Which is to say, a police force that has been functionally instructed not to enforce the law. And the result? Not cops shooting suspects, but what would once have been considered suspects shooting each other and innocent civilians with wild, unfettered, bloodthirsty abandon:
Ten shootings were reported Thursday across Baltimore, continuing a spate of gun violence that began after riots overtook West Baltimore on April 27th. At least three of the victims died.
About forty people have been shot since April 28th, the day after Baltimore's most intense day of rioting.
Police said eighty-two people have been killed this year, twenty more than at the same time last year. Nonfatal shootings also have surged 47%, to one hundred thirty-four this year from ninety-one last year at this time.
Did I mention that Maryland has some of the most suffocating gun control laws in the country? Rendering the entire State, and most definitely its largest city, a "soft" target? Something tells me Pamela Geller won't be holding a "Draw The Prophet" event in the City of Charm any time soon.

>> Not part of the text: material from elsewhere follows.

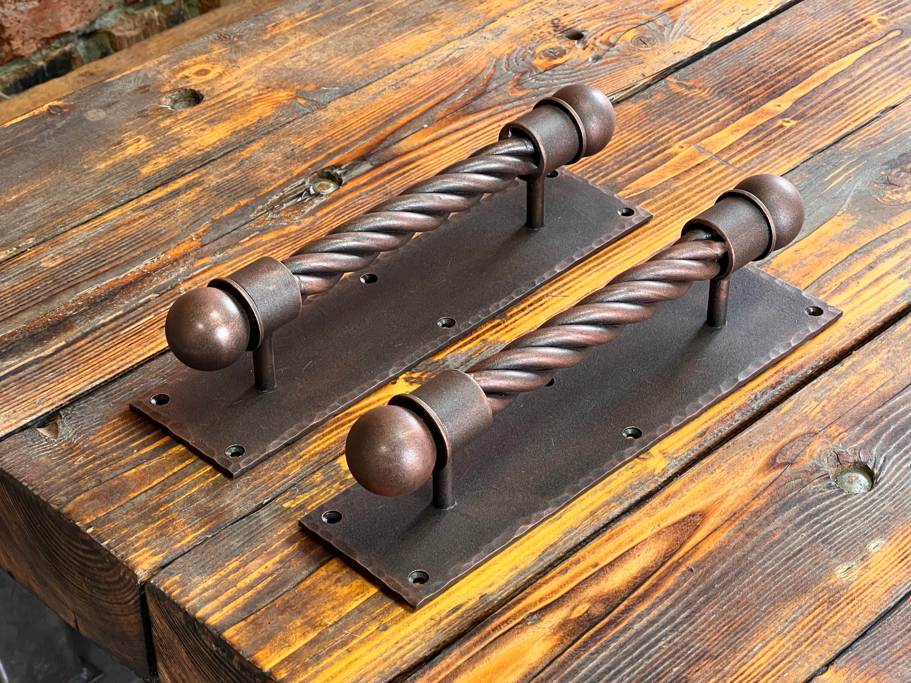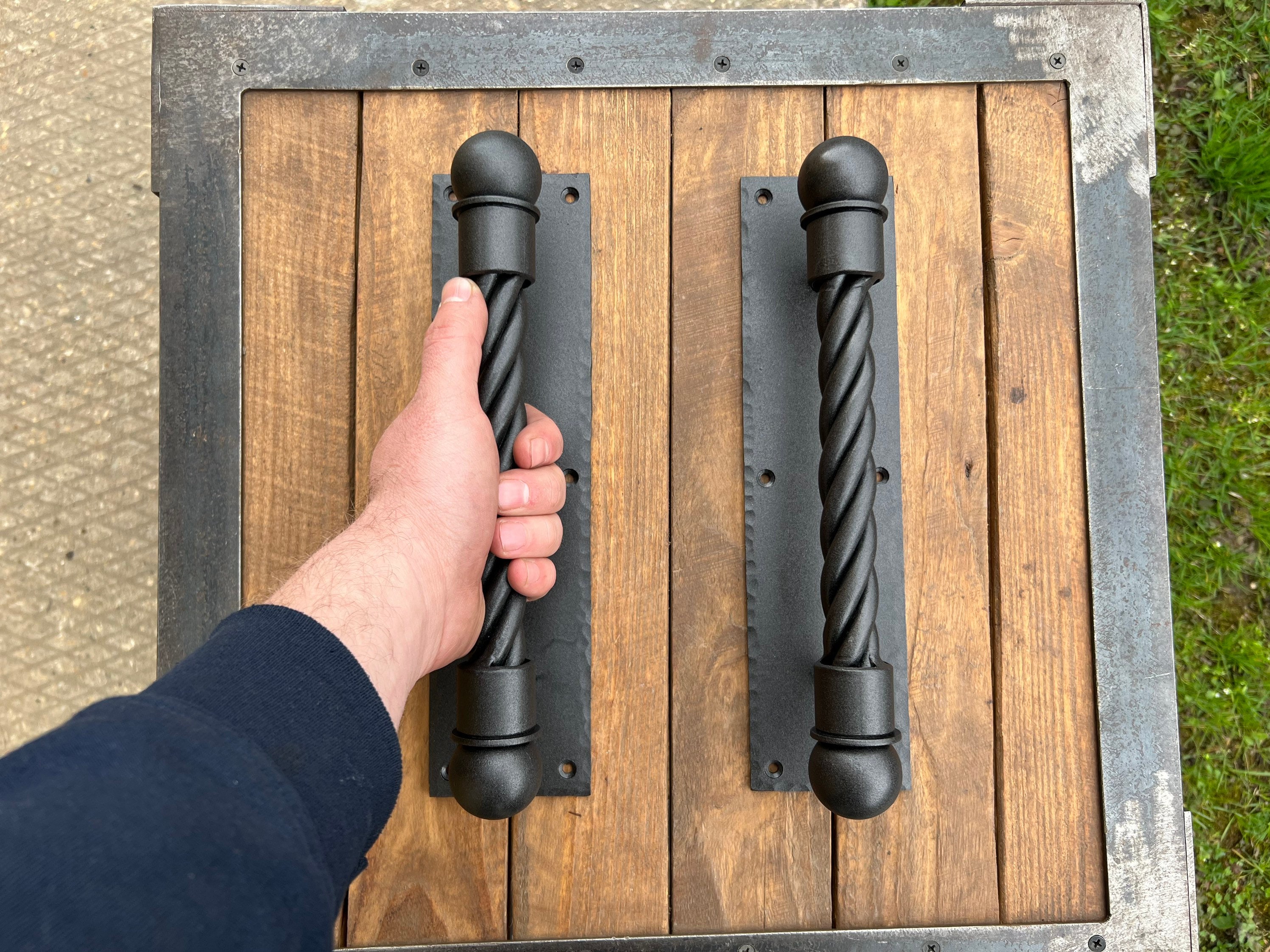 "New Model 12\". Set of two Massive iron door handles. Barn door pulls. Door hardware. Wro...

But if you disarm the law-abiding citizenry, the cops become their only defense against chaos and anarchy, right? So what happens when the cops are effectively declared the REAL criminal element?
This:
“I’m hearing it from guys who were go-getters, who would go out here and get the guns and the bad guys and drugs. They’re hands-off now,” Butler said. “I’ve never seen so many dejected faces.
“Policing, as we once knew it, has changed.”
Lieutenant Victor Gearhart, a 33-year veteran who works in the Southern District, said residents with complaints about police “are going to get the police force they want, and God help them.”
As I keep saying, life is a function of incentives. If you deter and, well, "handcuff" law enforcement, you will encourage crime waves without limit or precedent, every country, and eventually every city, will become a "war zone," and the public outcry to restore order will become deafening.
And that, my good friends, is called "martial law".
Incentives.
Today, Baltimore, tomorrow, America? Would you bet against it?